People I found on Facebook this week: Maria, who was once my Partylite gal and became a friend; Claire, my “auntie” in Ashland; Katie, a coworker and former student; Cindy, my ex-stepsister and current friend; and Sheila, a former coworker and occasional commenter here at Stuff Jen Says. Facebook is OH so much fun.

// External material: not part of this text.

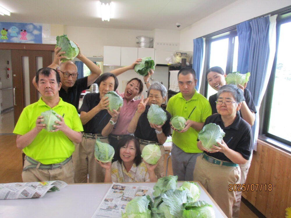 ☆まずはキャベツです。今年は豊作で、やわらかくて甘いキャベツが採れました‼

“Meeting” Dana: She’s my cousin Deanna’s cousin and recently introduced herself to me via Facebook. Dana is, coincidentally, a former SDA so we connected easily based on that, but she’s also a punctuation and grammar snob and little bit nutty to boot. I like her lots!

Katie’s birthday: my sweet little Bug turned nine years old on Monday. I am in awe of her on a regular basis and can’t believe I helped make her.

My mother-in-law: she’s a gem.

Shopping steals: No, I didn’t start shoplifting. While Vic was getting an eye exam the other night I walked around the mall. I found some great bargains at Gymboree and got out of there with $130 worth of adorable goodies for Katie—but spent just $28. Had similar luck for Jack at Crazy 8, though finds were not as adorable (boys’ clothes are boring). I also ordered a new set of Kitchen Aid cookware at 60 percent off. Gotta love Amazon.

Health: mine, not so much. But Jack’s appointment with the pediatrician yesterday showed us that he just has the yucky cold that’s going around, and nothing more serious.

Next week: I’m hoping to finally get back to work on Monday. And Wednesday I have a fun day planned with The Lovely Lori. It doesn’t get much better than that.

And finally, happy news for our neighbors: they’re expecting a baby boy. Congratulations!